What needs to be done> For the entries below, the result should be an exact transcription of the lines from the one with "This celestial collection" up to and including the one with "de noche cuando", and only those.

━━━━━ Data to use

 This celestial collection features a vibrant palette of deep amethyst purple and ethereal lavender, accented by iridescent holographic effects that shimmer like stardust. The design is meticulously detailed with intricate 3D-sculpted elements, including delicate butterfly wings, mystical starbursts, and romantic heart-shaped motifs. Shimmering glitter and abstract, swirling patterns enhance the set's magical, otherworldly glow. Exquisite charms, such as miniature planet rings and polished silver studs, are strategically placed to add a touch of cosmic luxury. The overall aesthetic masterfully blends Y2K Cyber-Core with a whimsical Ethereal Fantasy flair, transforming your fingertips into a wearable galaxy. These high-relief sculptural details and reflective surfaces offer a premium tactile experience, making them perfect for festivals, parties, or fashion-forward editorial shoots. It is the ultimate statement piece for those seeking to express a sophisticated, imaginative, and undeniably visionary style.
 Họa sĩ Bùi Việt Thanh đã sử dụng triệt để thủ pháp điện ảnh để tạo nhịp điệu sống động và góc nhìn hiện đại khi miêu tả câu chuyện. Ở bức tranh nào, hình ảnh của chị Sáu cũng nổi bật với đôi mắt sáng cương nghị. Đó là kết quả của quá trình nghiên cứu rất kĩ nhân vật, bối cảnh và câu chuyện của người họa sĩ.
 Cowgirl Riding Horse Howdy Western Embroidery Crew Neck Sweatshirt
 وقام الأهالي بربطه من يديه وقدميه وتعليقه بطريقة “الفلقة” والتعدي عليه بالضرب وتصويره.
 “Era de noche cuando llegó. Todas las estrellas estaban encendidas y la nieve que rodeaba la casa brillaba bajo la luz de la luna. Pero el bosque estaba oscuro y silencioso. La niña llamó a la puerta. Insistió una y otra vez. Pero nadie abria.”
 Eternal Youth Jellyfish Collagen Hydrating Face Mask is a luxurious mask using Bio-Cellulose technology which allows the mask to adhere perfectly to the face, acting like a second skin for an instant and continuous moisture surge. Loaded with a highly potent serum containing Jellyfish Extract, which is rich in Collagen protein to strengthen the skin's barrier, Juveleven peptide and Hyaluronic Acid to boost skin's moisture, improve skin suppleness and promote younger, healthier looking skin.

━━━━━━━━━━
━━━━━ Data to use

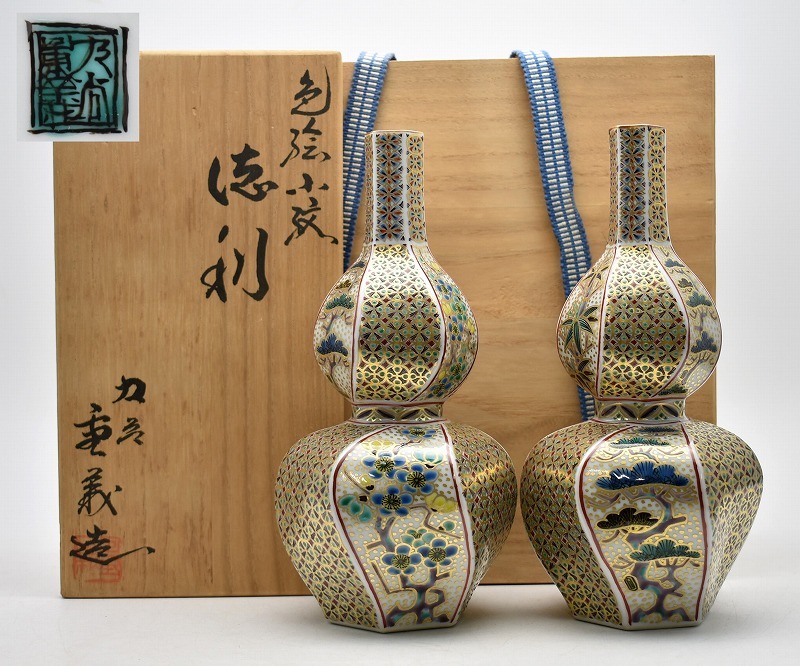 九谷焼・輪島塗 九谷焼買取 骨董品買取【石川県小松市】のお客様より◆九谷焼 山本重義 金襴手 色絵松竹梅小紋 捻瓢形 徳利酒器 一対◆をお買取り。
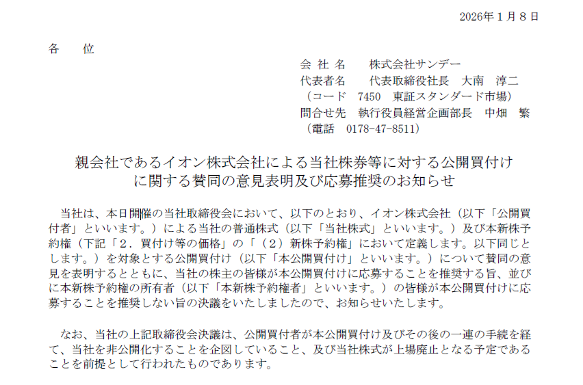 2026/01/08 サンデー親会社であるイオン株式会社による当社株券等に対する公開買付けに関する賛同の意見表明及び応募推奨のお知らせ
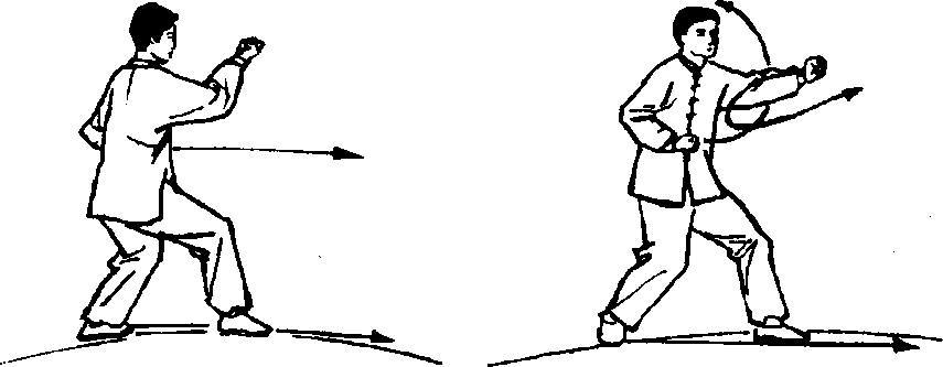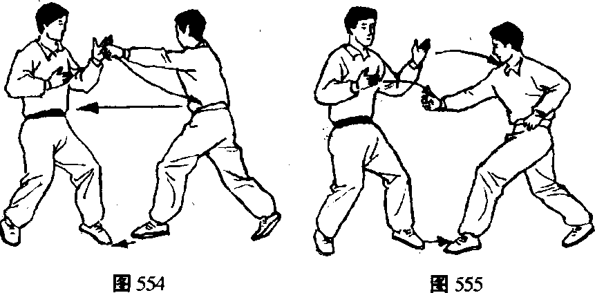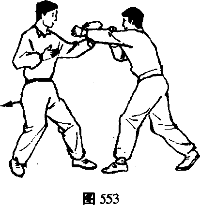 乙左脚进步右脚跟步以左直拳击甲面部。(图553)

━━━━━━━━━━

Exercise solution>
 This celestial collection features a vibrant palette of deep amethyst purple and ethereal lavender, accented by iridescent holographic effects that shimmer like stardust. The design is meticulously detailed with intricate 3D-sculpted elements, including delicate butterfly wings, mystical starbursts, and romantic heart-shaped motifs. Shimmering glitter and abstract, swirling patterns enhance the set's magical, otherworldly glow. Exquisite charms, such as miniature planet rings and polished silver studs, are strategically placed to add a touch of cosmic luxury. The overall aesthetic masterfully blends Y2K Cyber-Core with a whimsical Ethereal Fantasy flair, transforming your fingertips into a wearable galaxy. These high-relief sculptural details and reflective surfaces offer a premium tactile experience, making them perfect for festivals, parties, or fashion-forward editorial shoots. It is the ultimate statement piece for those seeking to express a sophisticated, imaginative, and undeniably visionary style.
 Họa sĩ Bùi Việt Thanh đã sử dụng triệt để thủ pháp điện ảnh để tạo nhịp điệu sống động và góc nhìn hiện đại khi miêu tả câu chuyện. Ở bức tranh nào, hình ảnh của chị Sáu cũng nổi bật với đôi mắt sáng cương nghị. Đó là kết quả của quá trình nghiên cứu rất kĩ nhân vật, bối cảnh và câu chuyện của người họa sĩ.
 Cowgirl Riding Horse Howdy Western Embroidery Crew Neck Sweatshirt
 وقام الأهالي بربطه من يديه وقدميه وتعليقه بطريقة “الفلقة” والتعدي عليه بالضرب وتصويره.
 “Era de noche cuando llegó. Todas las estrellas estaban encendidas y la nieve que rodeaba la casa brillaba bajo la luz de la luna. Pero el bosque estaba oscuro y silencioso. La niña llamó a la puerta. Insistió una y otra vez. Pero nadie abria.”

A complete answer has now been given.